• EXERCISE INSTRUCTIONS
Your answer must be the exact lines below, starting with the line with "Sakinliğin ve huzurun" and going on through the line with "humides selon l’espèce.", both included, with no pictures.

• SUPPLIED DATA
• • •
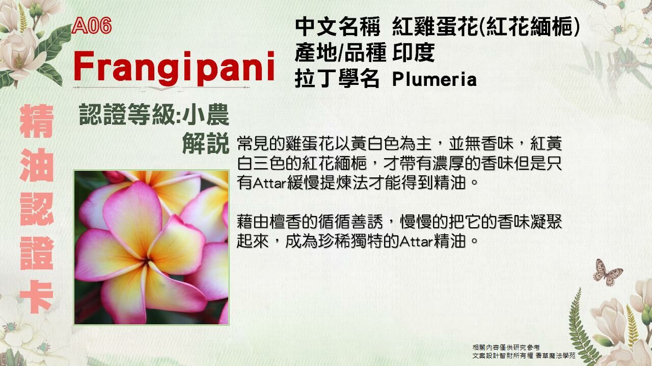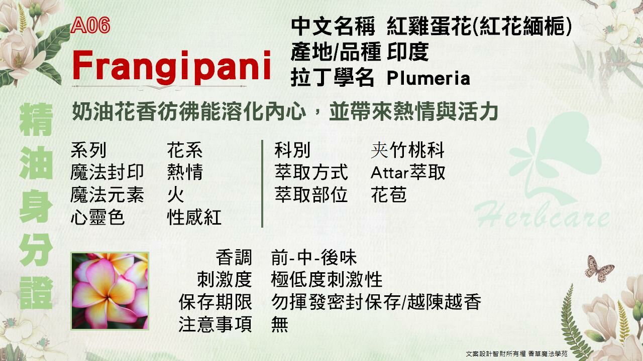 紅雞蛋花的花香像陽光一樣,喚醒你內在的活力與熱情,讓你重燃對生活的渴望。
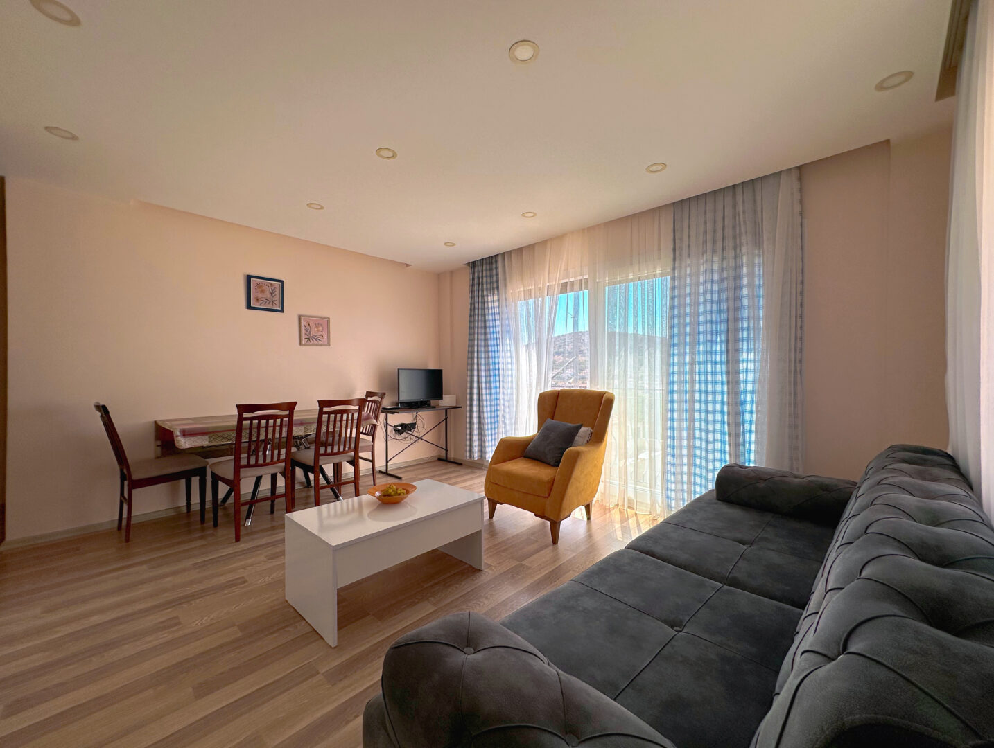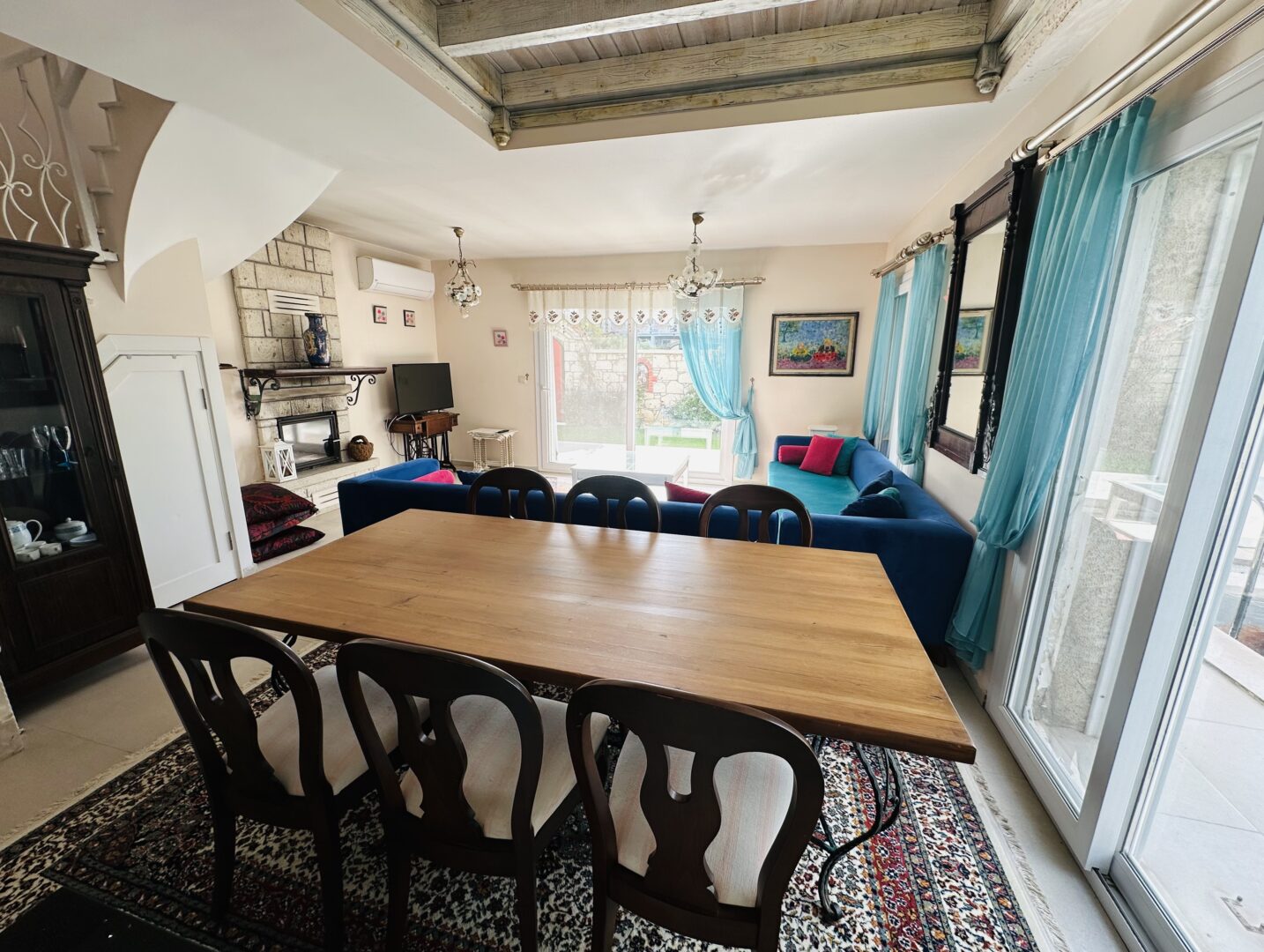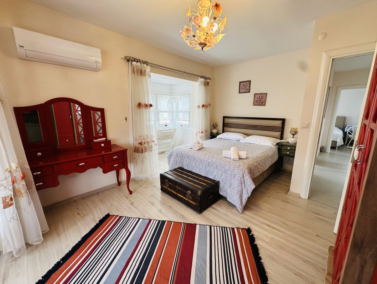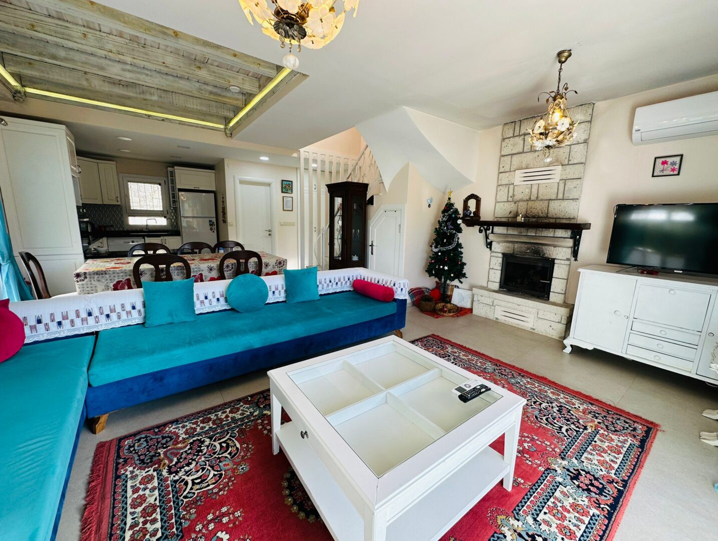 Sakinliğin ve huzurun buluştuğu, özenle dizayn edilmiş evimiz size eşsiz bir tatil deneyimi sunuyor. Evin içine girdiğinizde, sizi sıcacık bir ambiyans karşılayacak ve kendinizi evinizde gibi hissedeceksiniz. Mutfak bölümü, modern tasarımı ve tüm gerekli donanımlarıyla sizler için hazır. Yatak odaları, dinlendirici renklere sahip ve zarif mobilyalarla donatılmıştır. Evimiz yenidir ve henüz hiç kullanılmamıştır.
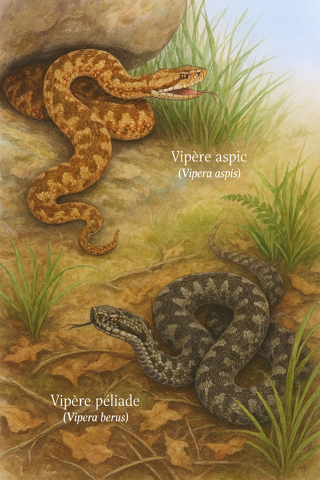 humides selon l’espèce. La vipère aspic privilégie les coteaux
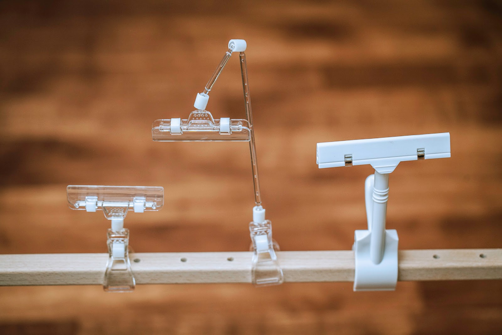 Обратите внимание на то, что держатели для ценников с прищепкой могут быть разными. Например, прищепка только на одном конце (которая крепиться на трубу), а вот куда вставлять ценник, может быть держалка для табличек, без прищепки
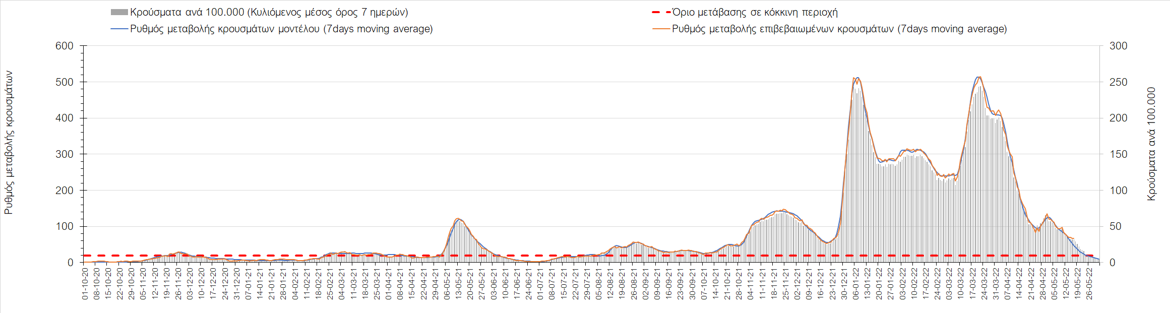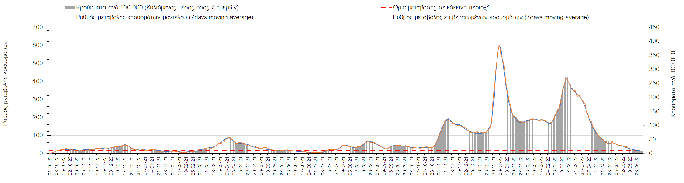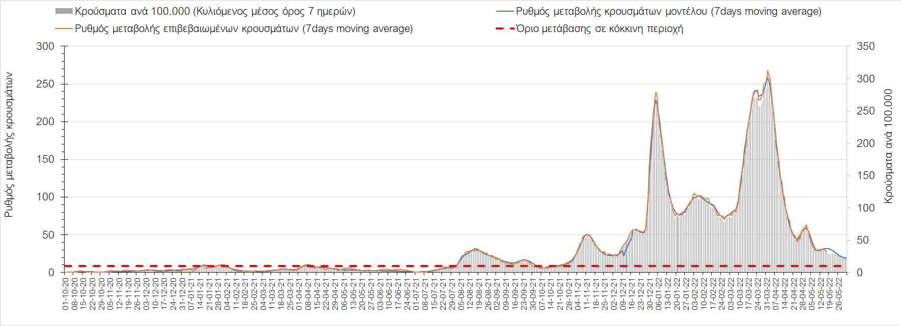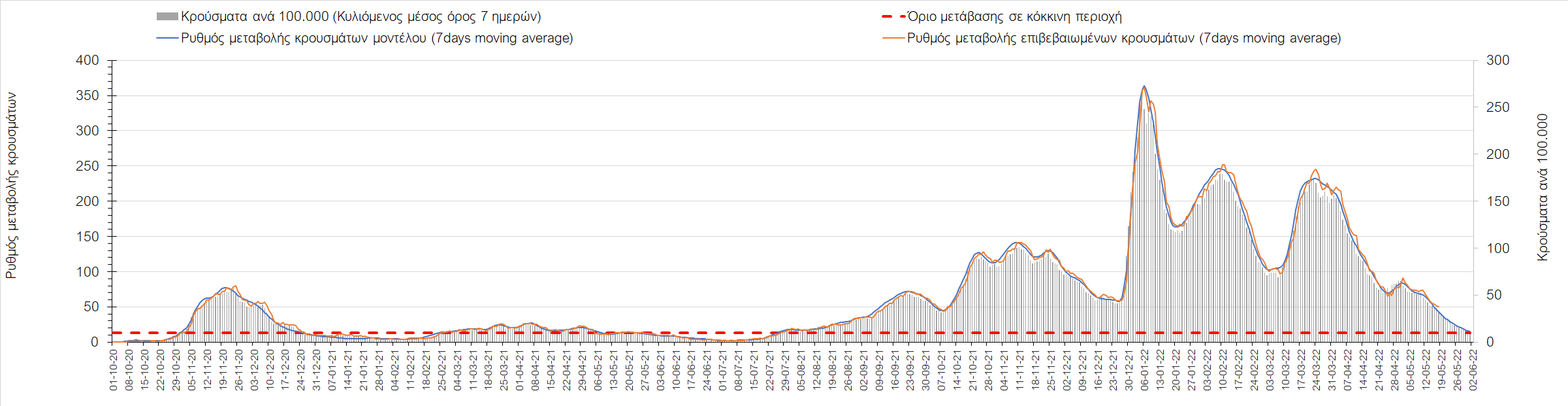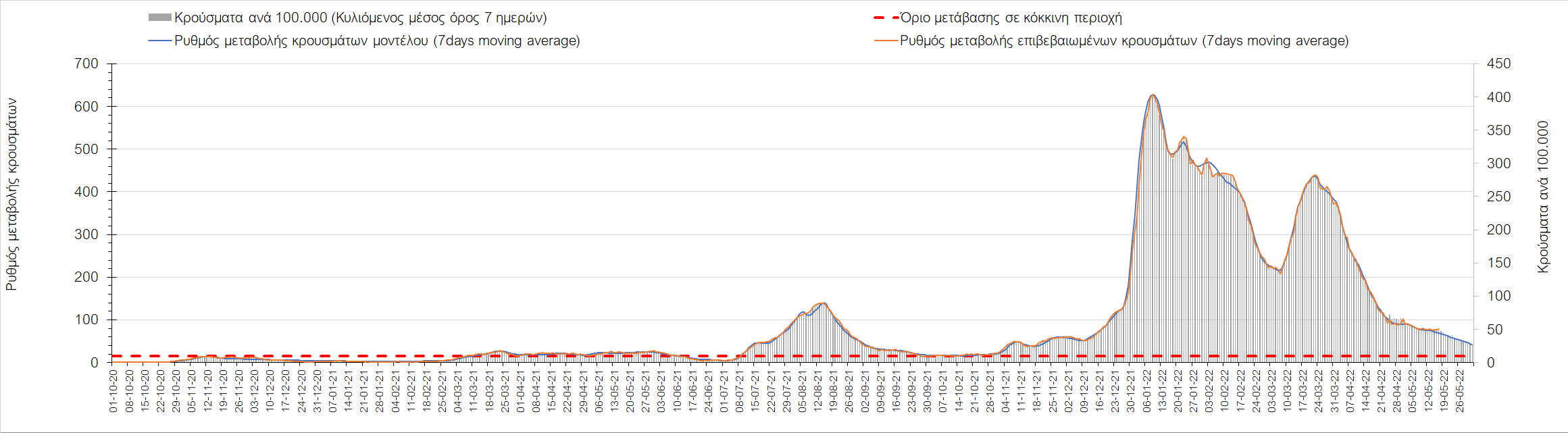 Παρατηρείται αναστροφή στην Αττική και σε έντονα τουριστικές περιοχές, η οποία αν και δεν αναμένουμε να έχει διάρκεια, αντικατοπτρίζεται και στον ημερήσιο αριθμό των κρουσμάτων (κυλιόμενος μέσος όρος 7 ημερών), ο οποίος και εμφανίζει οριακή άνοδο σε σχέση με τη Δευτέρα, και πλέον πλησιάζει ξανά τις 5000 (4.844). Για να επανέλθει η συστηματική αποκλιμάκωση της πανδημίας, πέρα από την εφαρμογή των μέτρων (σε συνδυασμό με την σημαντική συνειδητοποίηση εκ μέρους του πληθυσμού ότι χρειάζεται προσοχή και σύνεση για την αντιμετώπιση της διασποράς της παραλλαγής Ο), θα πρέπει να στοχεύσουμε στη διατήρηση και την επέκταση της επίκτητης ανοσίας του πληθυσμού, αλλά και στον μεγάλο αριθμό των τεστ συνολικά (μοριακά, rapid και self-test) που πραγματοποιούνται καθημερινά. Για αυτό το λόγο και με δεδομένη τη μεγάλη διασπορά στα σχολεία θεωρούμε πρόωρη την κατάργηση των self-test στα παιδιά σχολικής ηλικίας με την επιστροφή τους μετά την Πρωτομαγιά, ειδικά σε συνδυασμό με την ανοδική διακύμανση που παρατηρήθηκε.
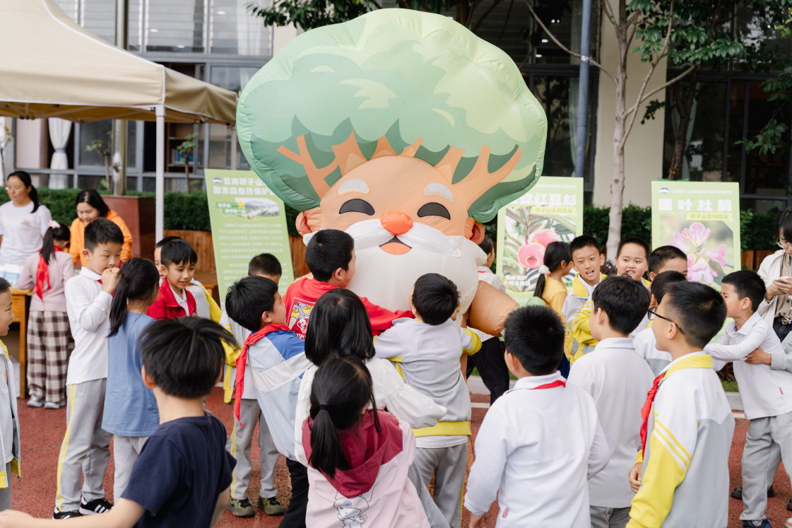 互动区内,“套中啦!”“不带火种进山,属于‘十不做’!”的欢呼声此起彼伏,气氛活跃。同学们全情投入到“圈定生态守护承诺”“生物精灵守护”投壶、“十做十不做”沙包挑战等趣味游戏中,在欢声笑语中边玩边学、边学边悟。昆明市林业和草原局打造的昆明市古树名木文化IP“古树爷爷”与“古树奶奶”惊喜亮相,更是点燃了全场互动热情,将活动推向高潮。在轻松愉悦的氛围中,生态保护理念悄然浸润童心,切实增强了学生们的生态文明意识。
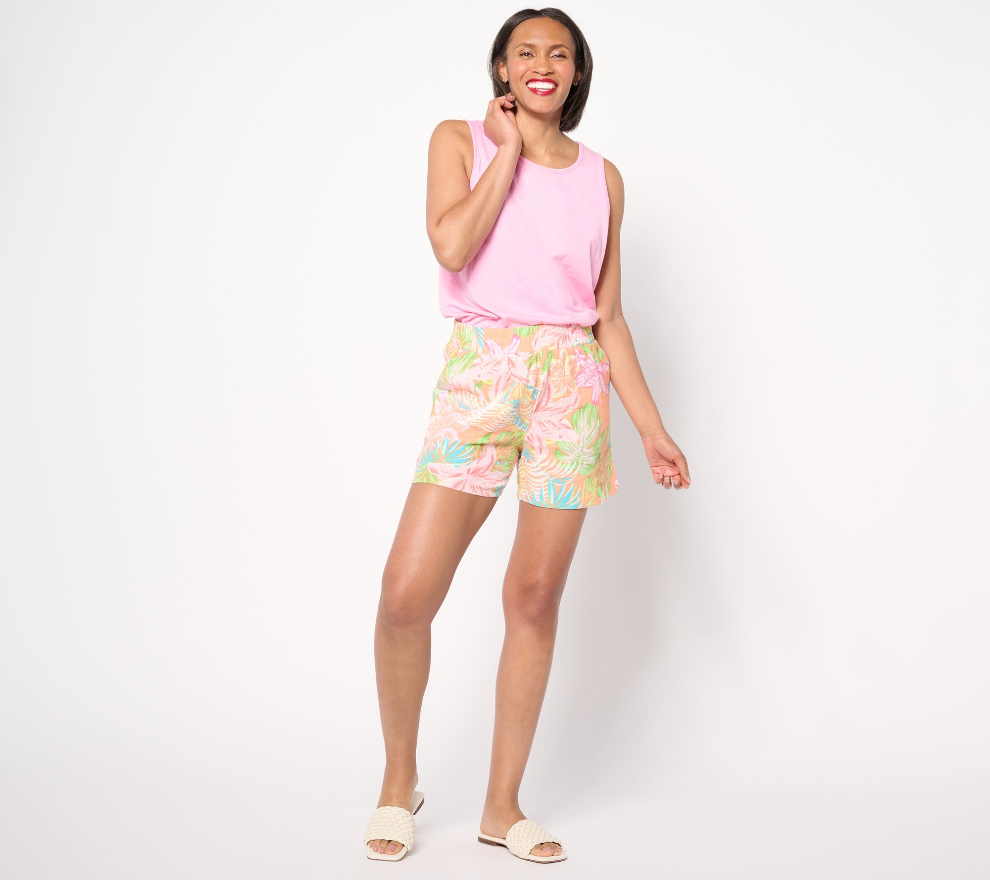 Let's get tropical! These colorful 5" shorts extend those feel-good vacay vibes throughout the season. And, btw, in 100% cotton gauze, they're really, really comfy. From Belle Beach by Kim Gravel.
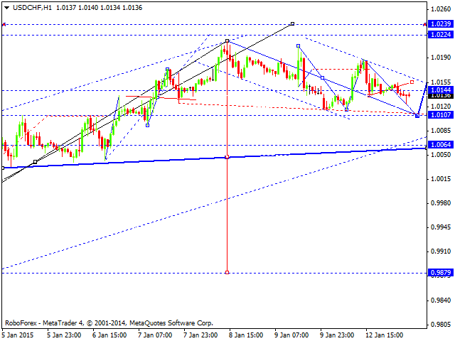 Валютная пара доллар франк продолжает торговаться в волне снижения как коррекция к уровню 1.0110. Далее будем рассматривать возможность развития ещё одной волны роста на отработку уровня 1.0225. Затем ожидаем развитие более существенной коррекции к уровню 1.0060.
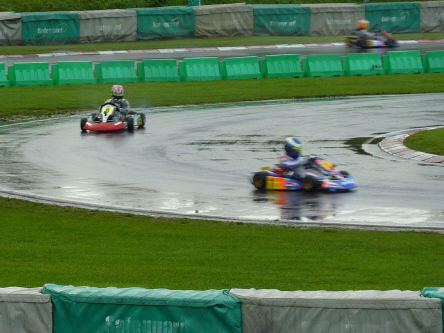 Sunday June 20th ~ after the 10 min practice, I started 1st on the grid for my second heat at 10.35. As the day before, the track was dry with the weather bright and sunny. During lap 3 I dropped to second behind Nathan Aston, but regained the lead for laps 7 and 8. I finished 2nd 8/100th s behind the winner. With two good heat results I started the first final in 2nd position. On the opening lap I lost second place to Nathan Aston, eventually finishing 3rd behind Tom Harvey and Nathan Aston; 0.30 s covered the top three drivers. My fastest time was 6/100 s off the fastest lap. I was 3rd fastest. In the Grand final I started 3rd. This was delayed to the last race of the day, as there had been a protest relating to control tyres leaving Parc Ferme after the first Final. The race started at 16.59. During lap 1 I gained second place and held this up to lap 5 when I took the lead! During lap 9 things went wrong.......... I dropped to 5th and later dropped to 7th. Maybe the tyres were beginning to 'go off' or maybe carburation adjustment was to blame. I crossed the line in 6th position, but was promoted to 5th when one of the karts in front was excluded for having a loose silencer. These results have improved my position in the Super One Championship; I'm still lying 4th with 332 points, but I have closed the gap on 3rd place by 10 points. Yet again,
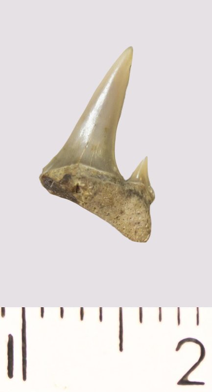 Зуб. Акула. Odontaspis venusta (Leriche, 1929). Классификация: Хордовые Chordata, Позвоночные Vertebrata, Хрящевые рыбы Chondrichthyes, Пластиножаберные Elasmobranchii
• • •
• RESPONSE TO THIS TASK
 Sakinliğin ve huzurun buluştuğu, özenle dizayn edilmiş evimiz size eşsiz bir tatil deneyimi sunuyor. Evin içine girdiğinizde, sizi sıcacık bir ambiyans karşılayacak ve kendinizi evinizde gibi hissedeceksiniz. Mutfak bölümü, modern tasarımı ve tüm gerekli donanımlarıyla sizler için hazır. Yatak odaları, dinlendirici renklere sahip ve zarif mobilyalarla donatılmıştır. Evimiz yenidir ve henüz hiç kullanılmamıştır.
 humides selon l’espèce. La vipère aspic privilégie les coteaux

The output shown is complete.